*** COLLECTED MATERIAL ***
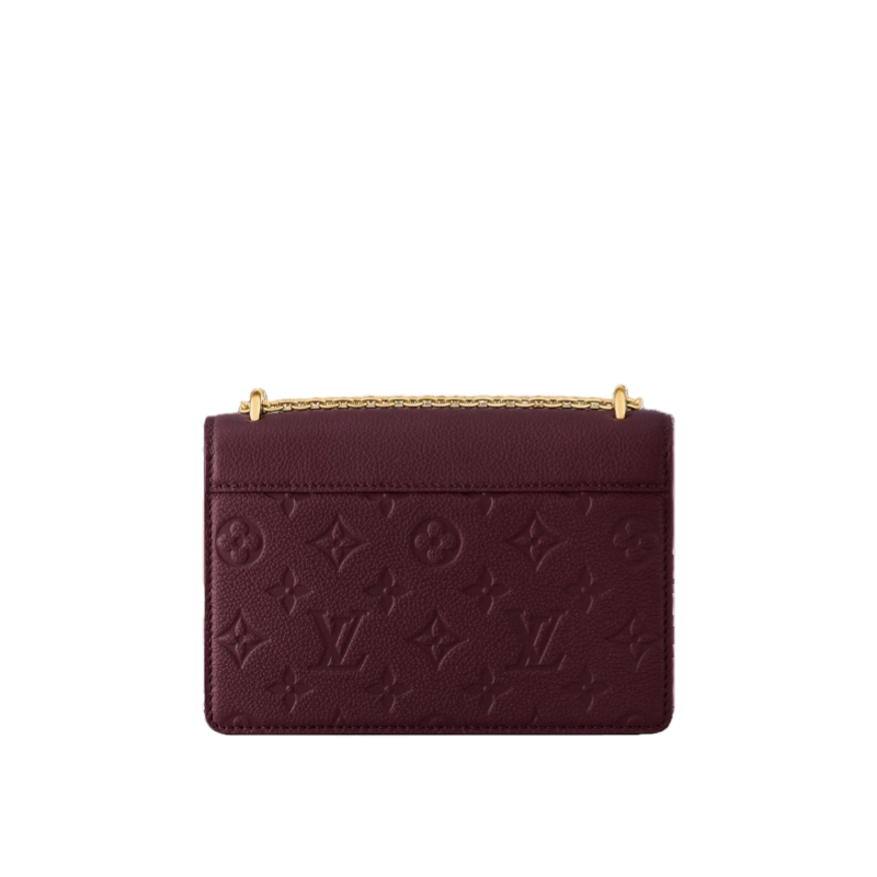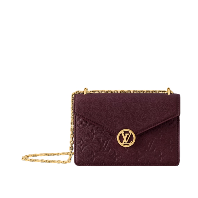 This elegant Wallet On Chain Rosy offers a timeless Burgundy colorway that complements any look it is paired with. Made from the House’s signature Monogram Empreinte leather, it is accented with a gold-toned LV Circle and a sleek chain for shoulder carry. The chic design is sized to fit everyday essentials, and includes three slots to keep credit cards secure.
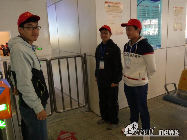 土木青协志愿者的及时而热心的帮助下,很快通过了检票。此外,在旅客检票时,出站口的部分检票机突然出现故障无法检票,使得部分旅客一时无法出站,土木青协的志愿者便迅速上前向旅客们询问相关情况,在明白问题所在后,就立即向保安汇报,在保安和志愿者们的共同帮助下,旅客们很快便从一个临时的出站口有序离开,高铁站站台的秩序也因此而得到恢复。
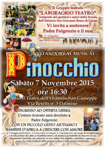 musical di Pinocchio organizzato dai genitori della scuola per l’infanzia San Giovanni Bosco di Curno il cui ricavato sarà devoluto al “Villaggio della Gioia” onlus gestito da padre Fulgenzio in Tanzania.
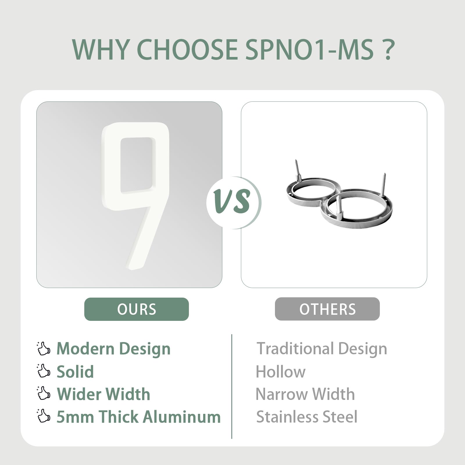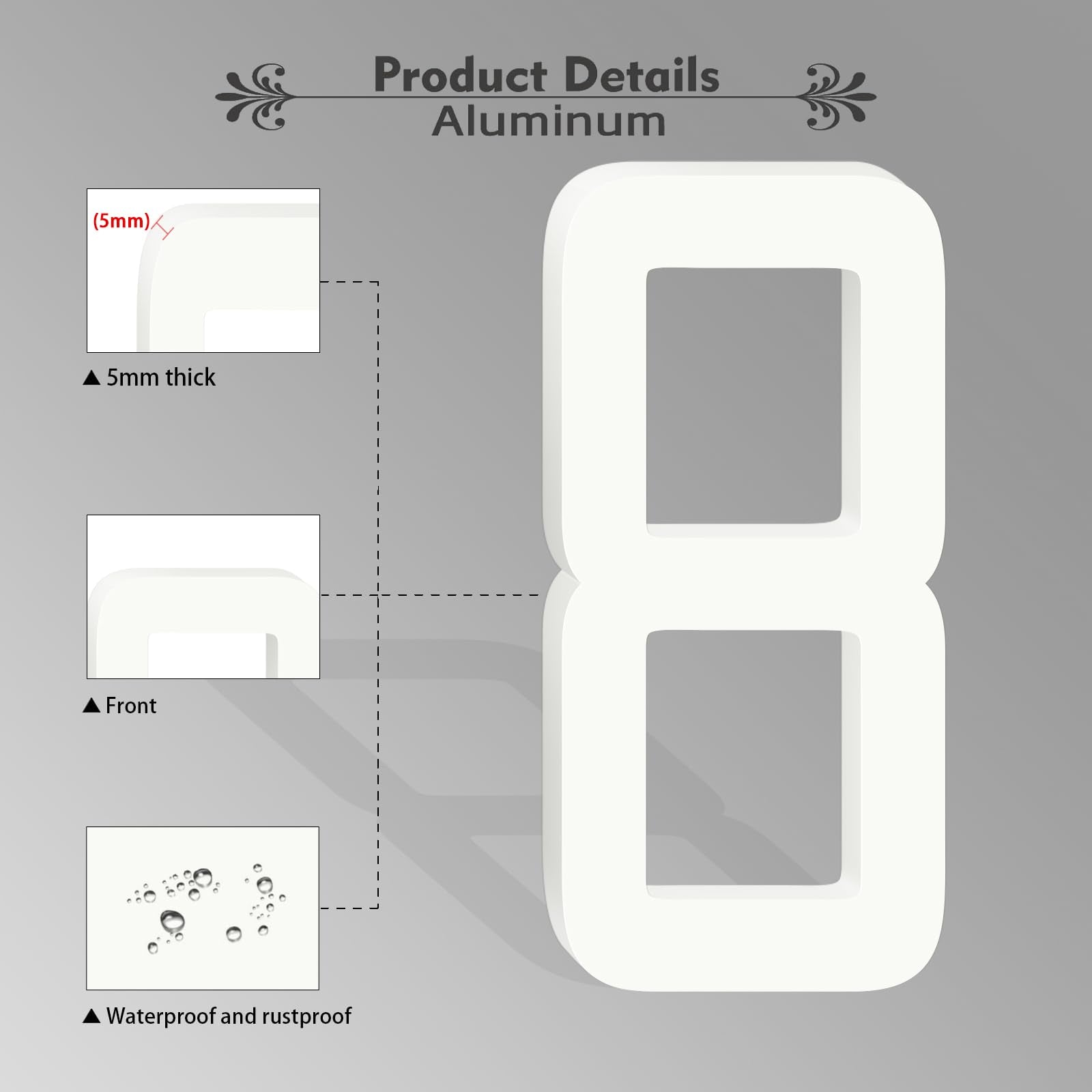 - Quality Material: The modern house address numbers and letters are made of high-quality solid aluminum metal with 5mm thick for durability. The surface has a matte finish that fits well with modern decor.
*** End of COLLECTED MATERIAL ***
▶ [ACTIVITY]: Ending at the line with "土木青协志愿者的及时而热心的", reproduce exactly the lines that begin at the top of the data, and include no pictures.

▶ [EXERCISE RESULT]:
 This elegant Wallet On Chain Rosy offers a timeless Burgundy colorway that complements any look it is paired with. Made from the House’s signature Monogram Empreinte leather, it is accented with a gold-toned LV Circle and a sleek chain for shoulder carry. The chic design is sized to fit everyday essentials, and includes three slots to keep credit cards secure.
 土木青协志愿者的及时而热心的帮助下,很快通过了检票。此外,在旅客检票时,出站口的部分检票机突然出现故障无法检票,使得部分旅客一时无法出站,土木青协的志愿者便迅速上前向旅客们询问相关情况,在明白问题所在后,就立即向保安汇报,在保安和志愿者们的共同帮助下,旅客们很快便从一个临时的出站口有序离开,高铁站站台的秩序也因此而得到恢复。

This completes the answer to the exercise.